Great numbers of immigrants came to the United States from the Third World, both legally and illegally, driven by the immense pressures of despotism and economic deprivation in their native countries. The stated purpose of the Immigration Act, according to President Johnson, was to “correct a cruel and enduring wrong” in United States immigration policies; the unstated purposes of the act was to change the racial and ethnic mix of the population of the United States, not only as compensation for past racial injustice, but also as a way of consolidating the administrative state by adding to its list of client groups.

Immigrants from third world countries have a more difficult time adapting to American customs, habits, and laws and show less willingness to do so. These immigrants are more likely to need the services of the administrative state, and it was only too willing to specify the terms and conditions for their adjustment to American society.

In fact, the administrative state encouraged immigrants to retain their cultures by promoting multiculturalism. The administrators—and eventually the immigrants—demanded that America should change to accommodate those with different cultures. The old goal of the “melting pot” became mocked as a racist legacy in the new universe of multiculturalism.
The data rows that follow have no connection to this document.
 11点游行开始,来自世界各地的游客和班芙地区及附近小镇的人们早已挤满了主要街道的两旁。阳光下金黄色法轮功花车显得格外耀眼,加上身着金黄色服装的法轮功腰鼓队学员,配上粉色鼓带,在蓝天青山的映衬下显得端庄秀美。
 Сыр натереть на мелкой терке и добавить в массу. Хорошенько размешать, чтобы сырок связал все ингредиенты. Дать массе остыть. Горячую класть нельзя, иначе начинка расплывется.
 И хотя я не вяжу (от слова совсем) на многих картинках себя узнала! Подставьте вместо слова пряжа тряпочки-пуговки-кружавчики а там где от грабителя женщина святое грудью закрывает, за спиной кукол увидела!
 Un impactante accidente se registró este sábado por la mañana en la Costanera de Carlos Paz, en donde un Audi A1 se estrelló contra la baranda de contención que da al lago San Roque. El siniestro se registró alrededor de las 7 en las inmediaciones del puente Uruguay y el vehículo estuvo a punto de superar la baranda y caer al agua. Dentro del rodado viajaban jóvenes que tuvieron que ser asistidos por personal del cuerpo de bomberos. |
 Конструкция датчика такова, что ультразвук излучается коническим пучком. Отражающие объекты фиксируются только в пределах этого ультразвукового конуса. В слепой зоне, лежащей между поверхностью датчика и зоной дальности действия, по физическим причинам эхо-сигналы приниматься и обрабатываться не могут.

Indeed, demands that immigrants adapt to American habits and manners were derided as cultural genocide, a product of America’s overweening arrogance, an arrogance fueled by the anachronistic notion of American exceptionalism.

The welfare bureaucracy—and its allies in the “civil rights community”—were eager to perpetuate the dependence of new immigrants, whether legal or illegal. Bilingual education, affirmative action, and other forms of welfare dependency came to the forefront. Hugh Davis Graham, a respected civil rights scholar, remarked that “[t]he eligibility of 80 percent of immigrants to America for affirmative action programs made a mockery of the historical rationale that minority preferences compensated for past discrimination in America.” Furthermore, Graham notes, “[t]he proliferation since the 1970s of bilingual/bicultural education programs in American schools has further segregated and isolated Mexican (and Hispanic) children from the American mainstream and weakened the acquisition of English literacy and competence in school subjects leading to higher education and advancement in America’s high-tech economy.”
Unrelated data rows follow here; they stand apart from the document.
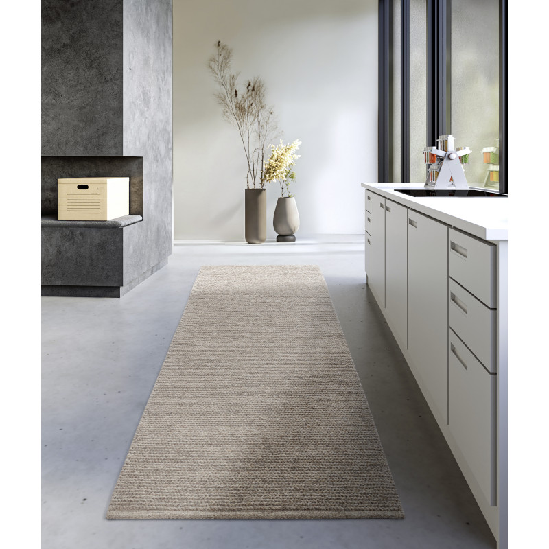 Béžový běhoun, který přinese do vašeho domova nádech elegance a tepla. Je vyroben z vysoce kvalitní vlny, která je měkká na dotek a zároveň odolná, takže je ideální pro každodenní použití. Díky rubové straně z bavlny a nižšímu smyčkovému vlasu je snadno udržovatelný a skvěle izoluje chlad, což přispívá k pohodlnému a útulnému prostředí.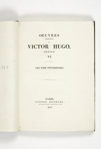 HUGO (Victor). Les Voix intérieures. Paris, Eugène Renduel, 1837. In-8 [218 x 150 mm] de XIV pp., (1) f., 320 pp. : maroquin noir souple à la Bradel, dos lisse et plats ornés d'un filet à froid d'encadrement, avec points dorés aux angles,...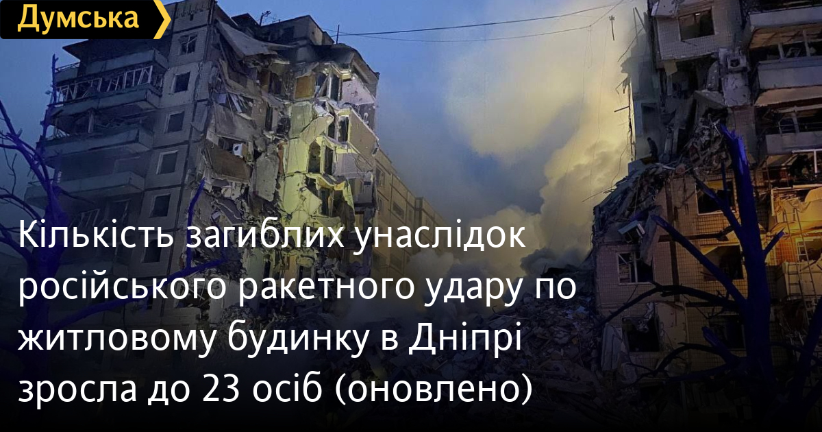 ОНОВЛЕНО О 14:08. За даними Дніпровської міської ради, вже відомо про 23 загиблих.

Most scholars, of course, deny that there was any concerted effort on the part of the administrative state to co-opt newcomers. The policies were piecemeal and the consequences seemingly unintended. But the administrative state has a life of its own. It seeks to extend the reach of its influence and magnify its power, and it does so largely out of sight of the public. Its weapons are administrative regulations and policies of indirection, all backed by the cooperation of a compliant court system. The Immigration Act played an important role. As one administrator, the director of the Census Bureau, explained, “without fully realizing it we have left the time when the nonwhite, non-Western part of our population could be expected to assimilate to the dominant majority. In the future, the white Western majority will have to do some assimilation of its own.” The non-Western part of the American population has already been relieved of its obligation to assimilate; the “white Western majority,” however, will soon acquire assimilation responsibilities of its own. These responsibilities will be presented as matters of simple justice—they will be racial and ethnic reparations.
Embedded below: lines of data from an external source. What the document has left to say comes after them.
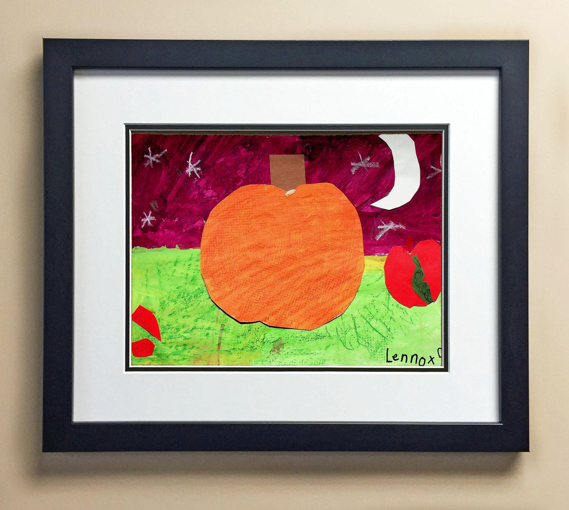 Included with the purchase is the Students Artwork, Frame, double matboard, shatter proof plexiglass, and a ready to hang backerboard with turnbuttons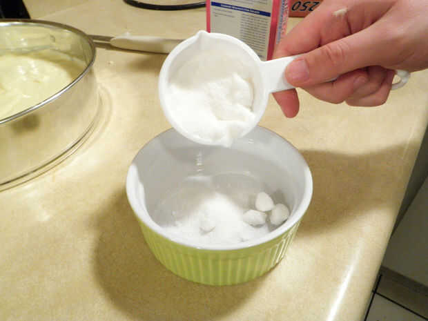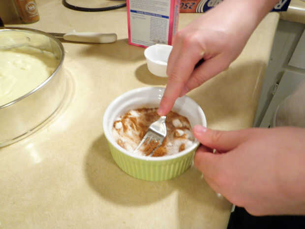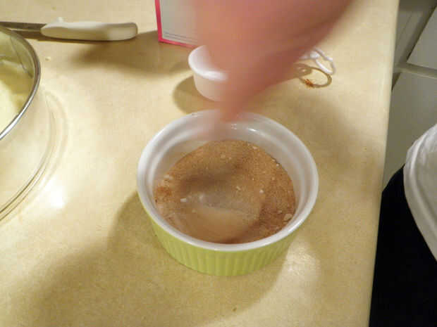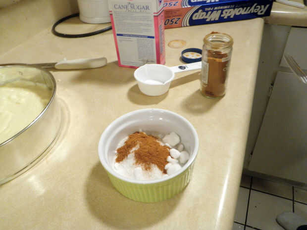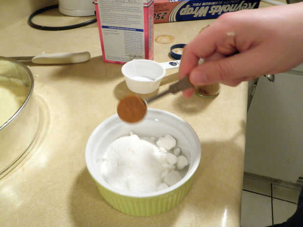 En un tazón pequeño, combine 1/2 taza de azúcar con una cucharadita de canela molida. Espolvorear esta mezcla sobre las manzanas.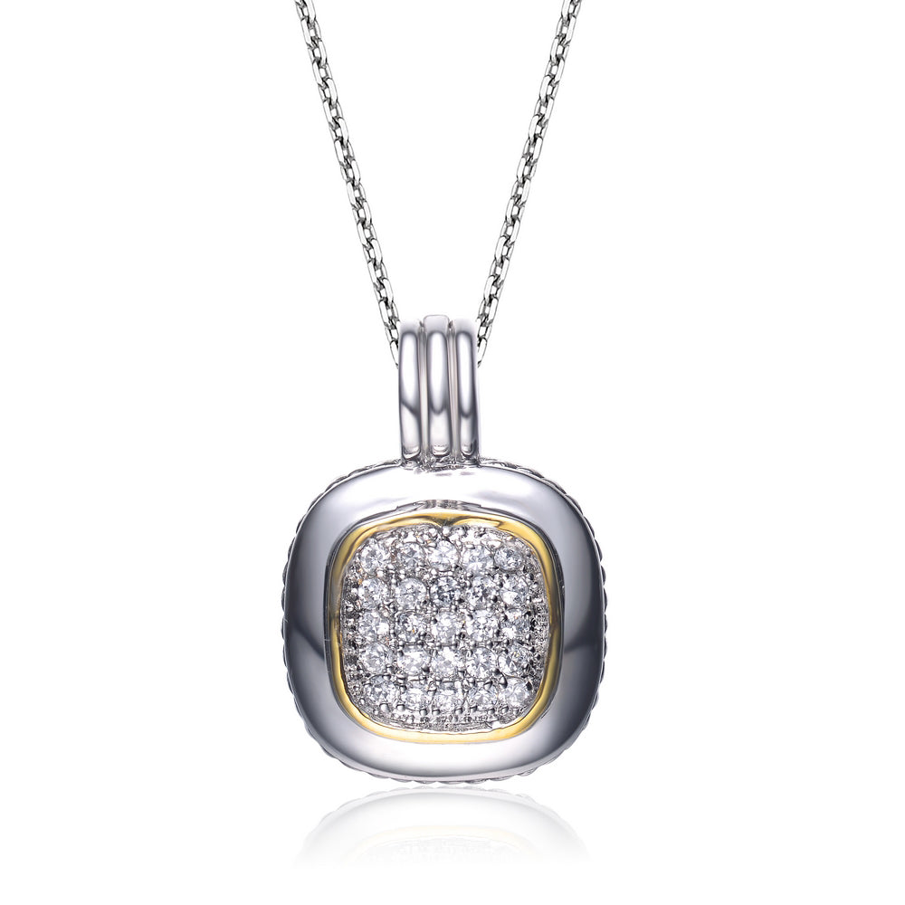 CZ Two Tone Square Drop Pendant With Sterling Silver Finish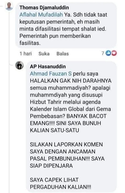“Perlu saya halalkan gak neh darahnya semua Muhammadiyah? apalagi Muhammadiyah yang disusupi Hizbut Tahrir melalui agenda Kalender Islam Global dari Gema Pembebasan? banyak bacot emang, sini saya bunuh kalian satu-satu. Silahkan laporkan komen saya dengan ancaman pasal pembunuhan saya siap dipenjara. Saya capek liat pengaduhan kalian,” tulis AP Hasanuddin.
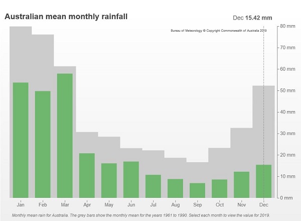 2019 was Australia’s driest year on record with nationally-averaged rainfall 40% below average for the year at 277.6 mm.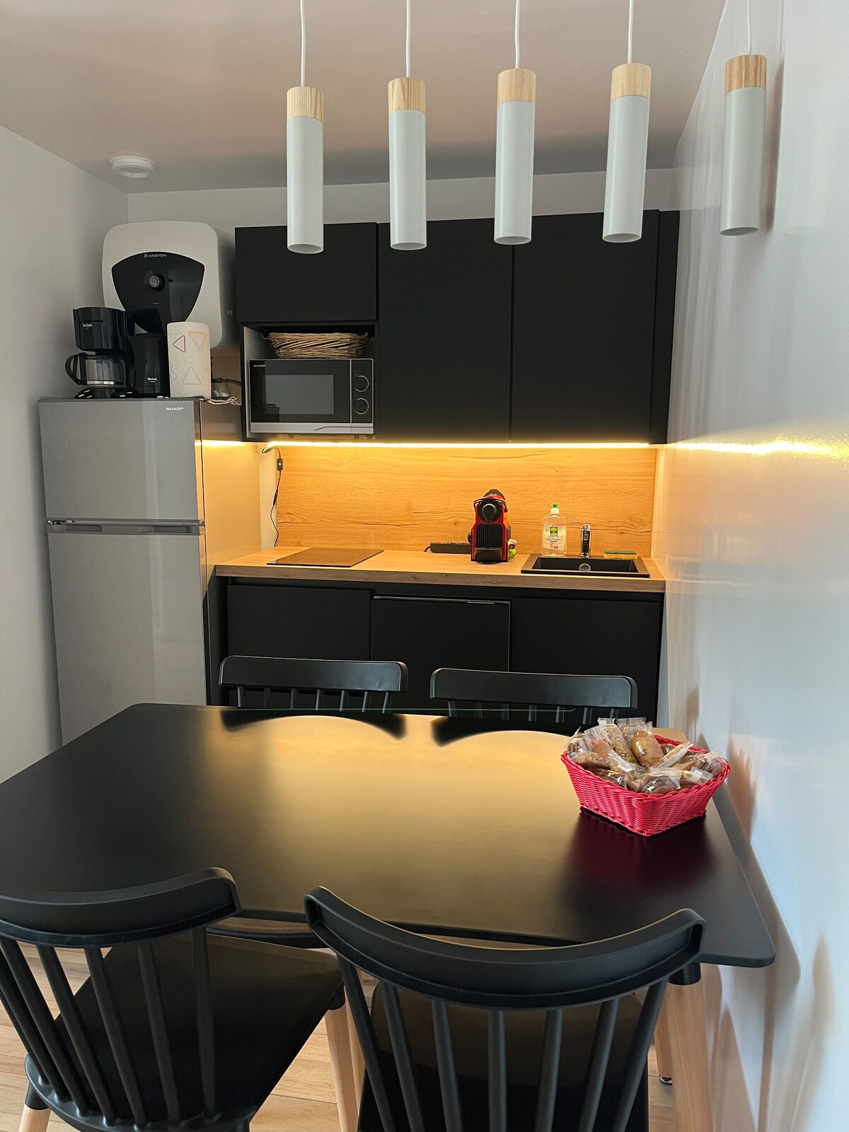 - на 3-й этаж без лифта. - Центр для гостей со всеми удобствами; - Подъезд к автомагистрали A43 - 5 минут на автомобиле и железнодорожном вокзале - 10 минут пешком. - Детская кровать и стульчик при необходимости. - контакт по запросу - Безлимитный доступ в Интернет в Wi-Fi. Видимо, вы найдете - полностью оборудованная кухня. - гостиная зона с телевизором; - двуспальная кровать (140 x 190); - диван-кровать для 2 человек - стиральная машина;

What has raised the ire of the minions of the administrative state more than anything perhaps is the American middle class, often referred to as the “selfish” class by intellectuals and welfare state administrators. The middle classes in the United States are the selfish classes because they aspire to secure a comfortable bourgeois existence and the enjoyment of the fruits of their own labor. They want the safety of suburban life for themselves and their children; they want good schools for their children; they oppose busing; they want to be free from burdensome regulation. They oppose the welfare state, and their recalcitrance has been a formidable barrier to the complete dominance of that welfare state. After all, the middle classes are anti-tax, anti-immigration, and anti-big government. They want lower taxes, oppose amnesty for illegal immigrants and open borders, oppose multiculturalism, and support smaller government.

These are the people who supported President Trump. And Trump’s economic policies have been successful enough to attract blacks and Hispanics who have been entering the middle classes at rates that have raised alarms among progressive liberals and the defenders of the administrative state. Dependent classes, not the middle classes, are the key to the future of the administrative state. The administrative state has mounted an all-out war against Trump’s attempts to curb its influence. If Trump loses in 2020, the administrative state will be unbridled.

In 1982, the Supreme Court handed down its decision in Plyler v. Doe, a case involving illegal alien children. The court, Justice William Brennan writing for a 5-4 majority, held that under the 14th Amendment’s equal protection clause the state of Texas may not deny to illegal alien children the same free public education that it provides to United States citizens or legally admitted aliens. To reach this conclusion Justice Brennan indulged considerable judicial legerdemain in an attempt to abolish the distinction between legal and illegal aliens.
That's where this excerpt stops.